**Exercise requirements**
Give back an exact copy of the lines in the records below, from the line that has "商品詳細情報numbuzin 2番 うるもち65%コラーゲンシートマスク" through the line that has "ヌメ牛革に電気ペンで絵を描き、革専用の染料で着色しています。", and nothing besides.

**Exercise materials**

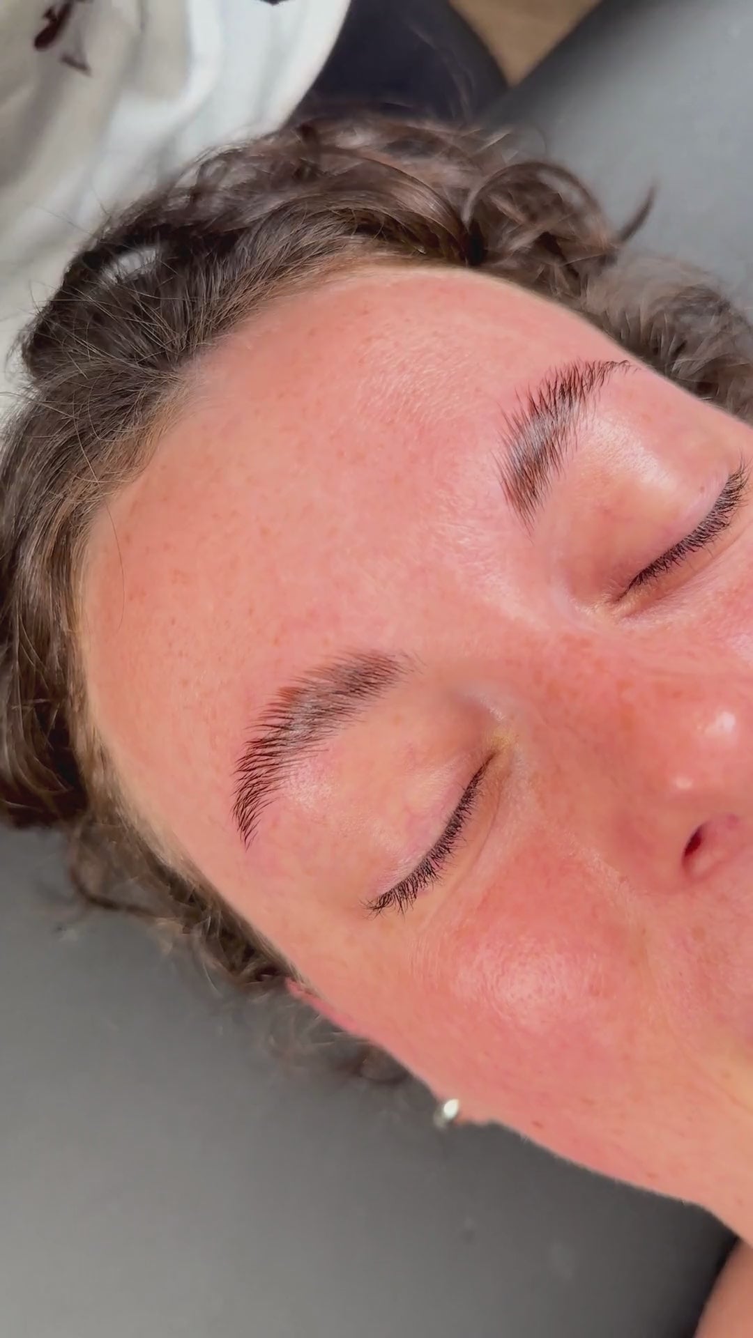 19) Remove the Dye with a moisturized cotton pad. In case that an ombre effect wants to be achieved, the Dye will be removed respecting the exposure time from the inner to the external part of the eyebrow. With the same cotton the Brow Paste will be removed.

---

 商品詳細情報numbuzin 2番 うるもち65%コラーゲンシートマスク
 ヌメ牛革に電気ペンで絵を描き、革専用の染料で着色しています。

**Expected output**
 商品詳細情報numbuzin 2番 うるもち65%コラーゲンシートマスク
 ヌメ牛革に電気ペンで絵を描き、革専用の染料で着色しています。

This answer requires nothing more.